SGC fails relative to GCN on:

  • Heterophilic graphs: averaging across class boundaries hurts
  • Complex structural tasks: tasks where the pattern is in the local structure, not smooth features
  • Very deep propagation: without nonlinearities, K-step averaging becomes over-smoothing very quickly

SGC as Logistic Regression

After pre-computing X̃ = S̃ᴷ X, the SGC model is:

Ŷ = softmax( X̃ W ) trained with cross-entropy

This is exactly logistic regression on pre-computed graph-smoothed features.
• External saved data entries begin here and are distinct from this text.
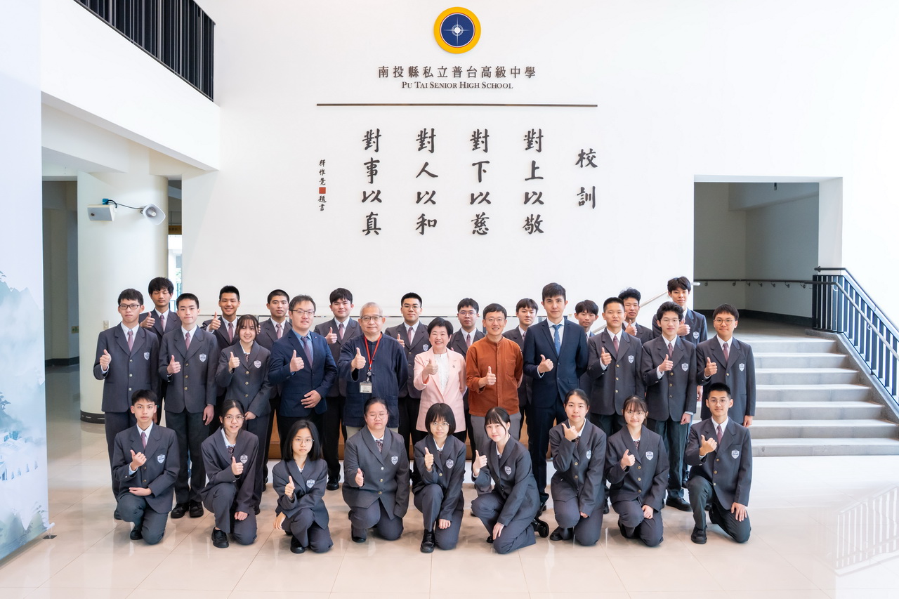 ▲南投縣私立普台高中今年英文、數A、數B、自然滿級分比例皆高於全國,展現優異的學習成果。二排中為校長惠沁宜,右五為教務主任連傑,右四為導師周漢羽,左五為副校長洪誌陽,左四為導師蔡植棟。(圖/普台高中)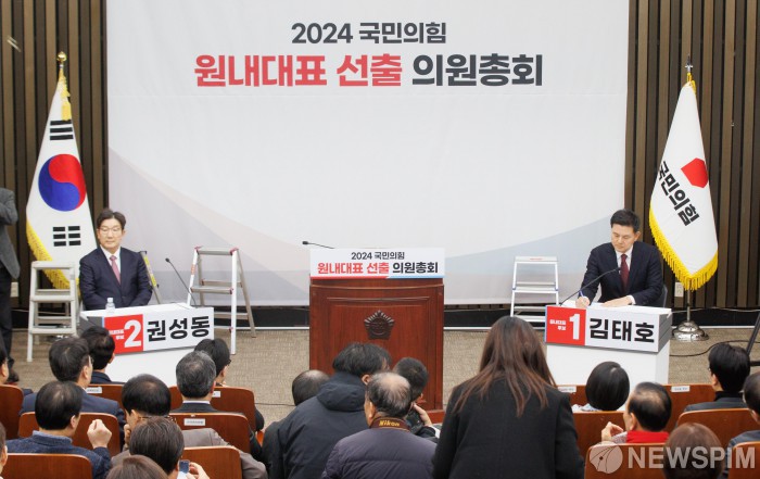 [서울=뉴스핌] 윤창빈 기자 = 국민의힘 원내대표에 출마한 권성동(왼쪽), 김태호 의원이 12일 오전 서울 여의도 국회에서 열린 원내대표 선출 의원총회에서 토론을 준비하고 있다.2024.12.12 pangbin@newspim.com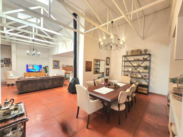 The open-plan kitchen is a chefs dream, featuring granite countertops, a breakfast nook, a center island with a gas hob, and a scullery/laundry for added convenience. The spacious dining and lounge area leads to an indoor entertainment space equipped with a fireplace, built-in bar, and built-in braai, perfect for hosting guests year-round. A large study with a private entrance makes for an ideal home office.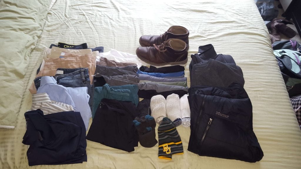 - I tried to find clothing that would take as little room as possible. This isn’t a huge deal for t-shirts and underwear, but for sweaters, jackets, and pants, it’s really important to consider the weight and size.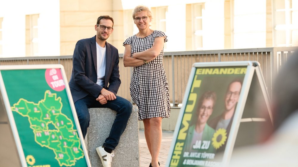 Die Spitzenkandidierenden Dr. Antje Töpfer und Benjamin Raschke haben am Dienstag vor dem Brandenburger Landtag die heiße Phase des Wahlkampfes mit ihrer landesweiten „Mehr MUTeinander“-Tour gestartet. Knapp vier Wochen vor der Landtagswahl am 22. September 2024 werden die beiden Spitzenkandidierenden in allen Regionen Brandenburgs unterwegs sein, um mit den Menschen vor Ort ins Gespräch zu kommen. Dabei werben die Bündnisgrünen für ihre Lösungen in den Bereichen bezahlbarer Wohnraum, bessere Mobilität, Erhalt von Gesundheitsstandorten und vor allem Klimaschutz.
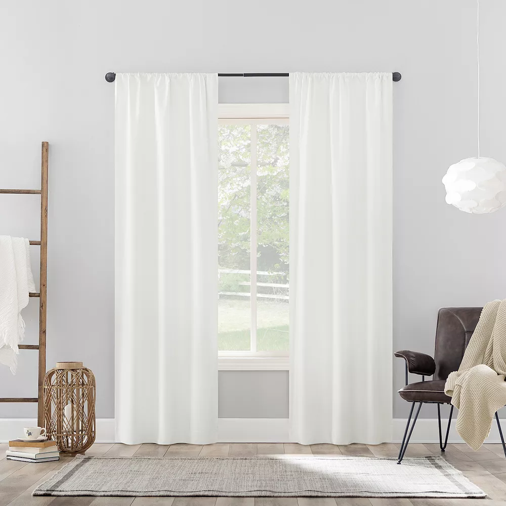 - Includes 2 room darkening grommet curtain panels and 2 sheer rod pocket curtain panels.
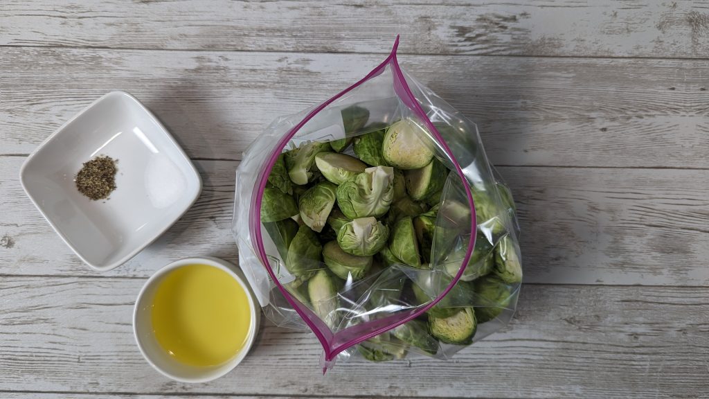 Place prepared brussels sprouts in a sealable baggie. Toss with olive oil, salt, and pepper. Shake baggie until each sprout is coated.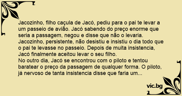 Jacozinho, filho caçula de Jacó, pediu para o pai te levar a um passeio de avião. Jacó sabendo do preço enorme que seria a passagem, negou e disse que não o levaria. Jacozinho, persistente, não desistiu e insistiu o dia todo que o pai te levasse no passeio. Depois de muita insistencia, Jacó finalmente aceitou levar o seu filho.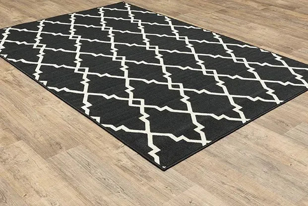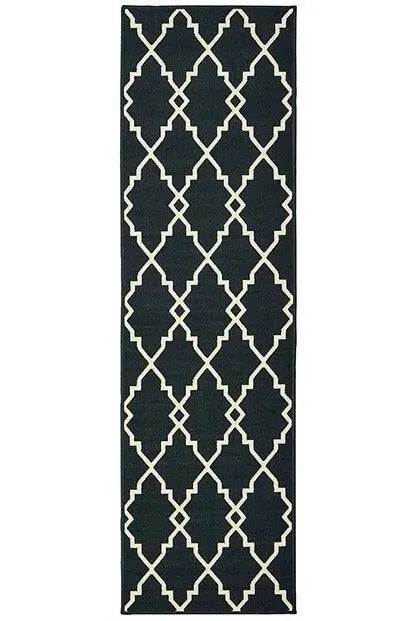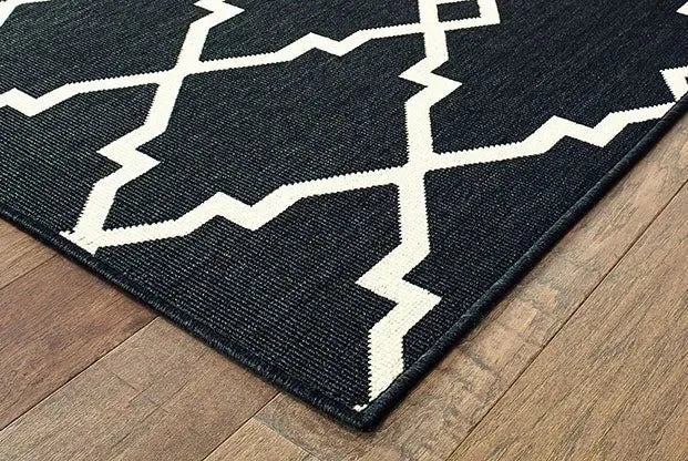 Marina is an elegant new introduction for indoor or outdoor use and features a 100% polypropylene looped yarn made in Egypt. It features a classic neutral palette using high contrast colors like black, ivory, deep navy, sand and cool gray. The collection includes casual but sophisticated patterns like updated geometrics and simplified traditionals that all feel fresh but timeless.
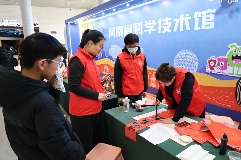 与此同时,写春联送祝福活动热度高涨,书法家现场挥毫创作“马跃神州兴科普,春满绿城育栋梁”等特色春联,墨香中融入科普元素,让市民在传承民俗的同时感受科学魅力。

The model has no architecture hyperparameters beyond K. There is no depth, no hidden layers, no dropout decisions.

This makes SGC the perfect ablation baseline: if SGC matches your GNN, the GNN’s complexity is not providing value.

SGC Variants and Successors

  • SIGN (2020): use multiple powers of S̃ simultaneously (X, S̃X, S̃²X, …) and concatenate, then apply an MLP. More expressive than SGC while keeping pre-computation.
  • APPNP: separate propagation from transformation with personalized PageRank.
  • GAMLP: large-scale variant using multiple propagation matrices.

Summary

PropertyGCNSGC
Per-layer nonlinearityYes (ReLU)No
Weight matricesK separate W^{(k)}Single W
Propagation pre-computableNoYes
Training costHigh (full forward pass)Low (logistic regression)
Accuracy (homophilic)Slightly betterComparable
Accuracy (heterophilic)PoorAlso poor

SGC reveals that graph neural networks, at least in the homophilic setting, are largely doing one thing: smoothing features over the graph and then classifying. The sophistication of multi-layer nonlinear GNNs can sometimes be simplified to this without loss — a profound insight about what graph learning actually requires.